Before annotaion: Isomerism, Curate
During annotation: Tidy, Correct
After annotaion: Check, Convert
If you assemble the plastome with IRs, the assembly result should be two equimolar isomeric sequences. Both of them are right and coexist in the plant (Palmer 1983; Walker et al. 2015). For publication, people tend to use just one of them. You can pick the configuration of which the SSC region is in the same direction as most of your data or outgroup, which makes downstream annotation/analysis easier. see GetOrganelle wiki and Weiwen Wang & Robert Lanfear 2019 for more details.
This function was written for curate the raw sequence before annotation
- The strand direction. Although none of public database specicfies a specific strand, it always assumes the minus strand for trnH as the default direction.
- The start position. Since the chloroplast is the circular genome. The start position in fasta is defined by people. It always assumes the trnH gene should at the head to avoid any gene locates on the gap.
- Whether there were amubiguous nucleotides in sequences
This function is written for GeSeq. Its gff results is not in line with Sequence Ontology definetion for GFF3 and thus need a tidy.
This is the most important function in ChloroAnno. correct
task could infer information from two annotation
files and correct one of them using another one.
A question here is why it is necessary to combine information from different software for annotation? Could I just use one annotation software result? First of all, the annotation from a single software may not be accurate, for example, there may be errors in start or stop codons. There are many reasons for such errors, mainly including the inaccuracy of the reference and the characteristics of the software. For example, MAKER often miss too short segments (<30 bp).
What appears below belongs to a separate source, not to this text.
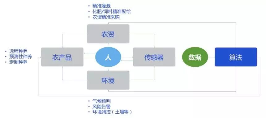 精准农业的核心要素:人+算法→农产品+农资+环境。
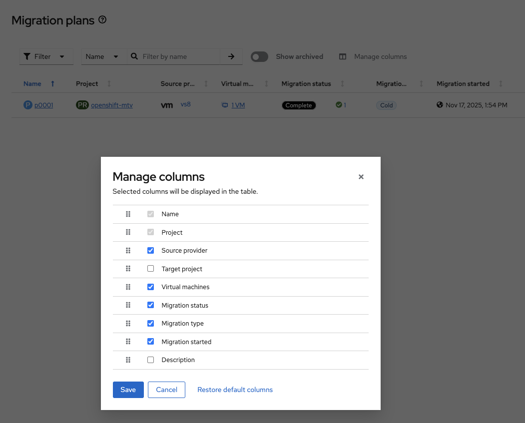 Consultants have noted that 'Target project' is the most sought-after information for VI admins. This column should be a default column instead of 'Source project,' which is 'openshift-mtv' in most cases.

Based on our experience, the annotation results of PGA are often more accurate when the quality of the reference sequence is relatively high. Can we just use PGA for annotation directly? The answer is yes, but the workload is large when it comes to annotating chloroplasts in large quantities. When annotating the chloroplast genome, if only the basic or model plants (such as Amborella trichopoda or Arabidopsis thaliana) are used as references, some genes that appear in specific lineages may not be annotated. On the other hand, if we choose related species for annotation, we may face the problem of poor quality of reference, such as confusion in gene names. If the reference genome mistakenly writes atpI as aptI or abbreviates trnK-UUU as trnK, similar errors will also appear in the annotation results. Therefore, when using PGA for annotation, it is necessary to correct each reference chloroplast genome, which requires a lot of workload. Therefore, our strategy is to use the basic or model plants as references and PGA for annotation; use the reference dataset in CPGAVAS2 and CPGAVAS2 for annotation. Finally, combine the results of both to generate an annotation file. It should be noted that the annotation of rps12 gene could only be inferred from PGA results for now due to its particularity.
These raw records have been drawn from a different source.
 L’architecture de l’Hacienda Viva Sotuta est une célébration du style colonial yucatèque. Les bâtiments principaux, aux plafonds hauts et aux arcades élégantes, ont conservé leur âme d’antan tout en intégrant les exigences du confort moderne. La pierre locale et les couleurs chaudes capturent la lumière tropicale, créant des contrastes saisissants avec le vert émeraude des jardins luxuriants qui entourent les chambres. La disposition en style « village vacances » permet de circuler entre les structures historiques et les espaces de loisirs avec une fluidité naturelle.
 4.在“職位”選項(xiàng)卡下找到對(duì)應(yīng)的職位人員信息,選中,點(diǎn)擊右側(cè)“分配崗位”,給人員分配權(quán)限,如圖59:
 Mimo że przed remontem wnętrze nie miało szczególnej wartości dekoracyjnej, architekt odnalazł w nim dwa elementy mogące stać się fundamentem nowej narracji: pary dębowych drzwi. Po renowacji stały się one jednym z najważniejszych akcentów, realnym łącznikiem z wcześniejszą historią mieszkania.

Of course, users could replace CPGAVAS2 with GeSeq. We choose CPGAVAS2 beacause it provides an docker image that enable use to run a batch of annotation tasks locally. According to our evaluation, the results of the GeSeq and CPGAVAS2 are very similar. But, GeSeq always generate some error tRNA annotaions.
G2023021001 blatN gene 135684 136697 69.5 - 1 ID=gene-blatn_trnI-GAU_1;gbkey=gene;gene=trnI-GAU;gene_biotype=tRNA;Note=blatN_hit_trnI-GAU_NC_035998.1%2C_position_1_-_72%2C_psl_score_69.5%2C_coverage_100.00%25%2C_match_100.00%25
G2023021001 blatN tRNA 135684 135718 . - 1 ID=trna-blatn_trnI-GAU_1;gbkey=tRNA;gene=trnI-GAU
G2023021001 blatN tRNA 136661 136697 . - 1 ID=trna-blatn_trnI-GAU_1;gbkey=tRNA;gene=trnI-GAU
G2023021001 blatN exon 135684 135718 . - 1 ID=blatn_trnI-GAU_1_exon_2;Parent=gene-blatn_trnI-GAU_1;gbkey=exon;gene=trnI-GAU
G2023021001 blatN intron 135719 136660 . - 1 ID=blatn_trnI-GAU_1_intron_1;Parent=gene-blatn_trnI-GAU_1;gbkey=intron;gene=trnI-GAU
G2023021001 blatN exon 136661 136697 . - 1 ID=blatn_trnI-GAU_1_exon_1;Parent=gene-blatn_trnI-GAU_1;gbkey=exon;gene=trnI-GAU
After correct, ChloroAnno will run a check automaticly. See the next section for check detail.
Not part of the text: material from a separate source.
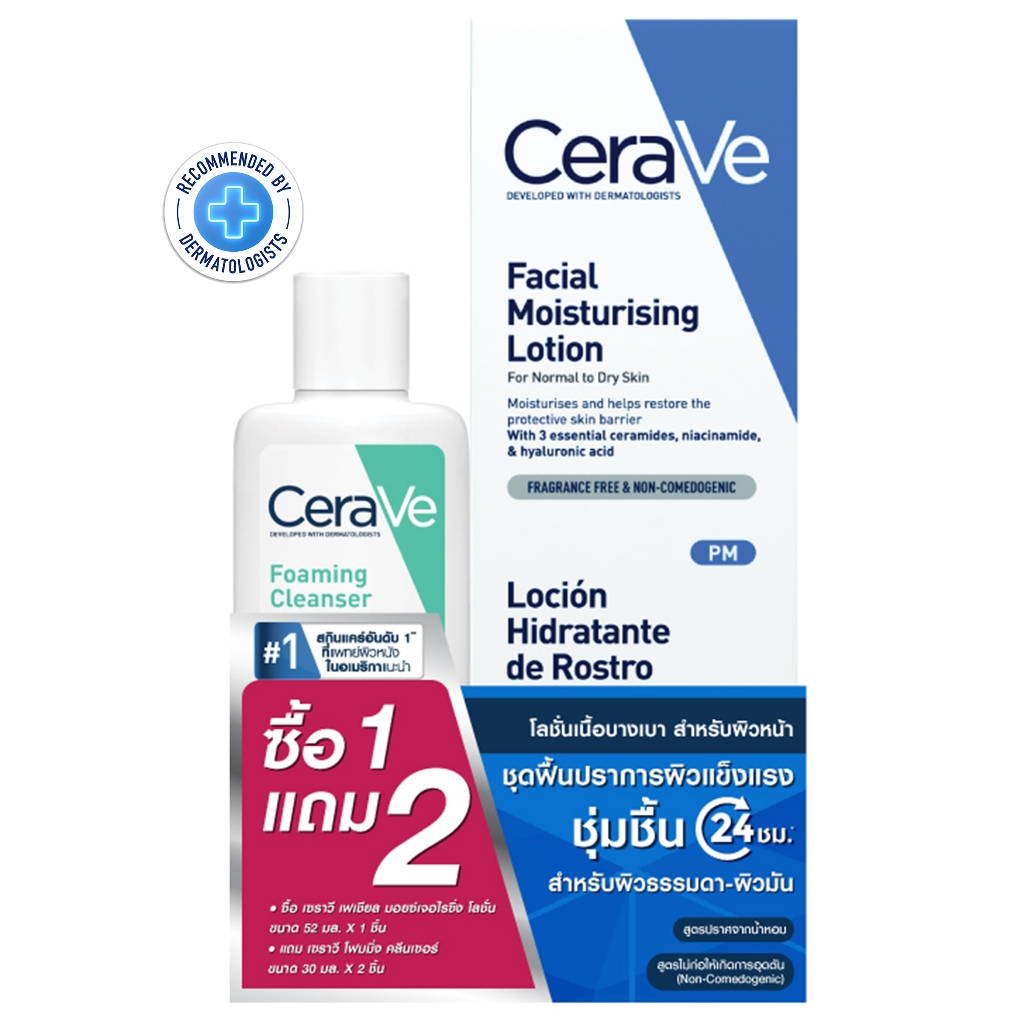 CERAVE - PM Moist Lotion 52ml+foaming cleanser 30MLx2 เซราวี เซ็ตผลิตภัณฑ์ดูแลผิวหน้า

While annotation files are generated, it does not imply that the annotated result is correct; therefore, annotation validation is necessary. At present, automatic check achieves the following functions:
- Starting codon check (for RNA editing phenomena in the starting codon, as it is impossible to introduce RNAseq data for verification during the assembly process, they are all marked as pseudo processing)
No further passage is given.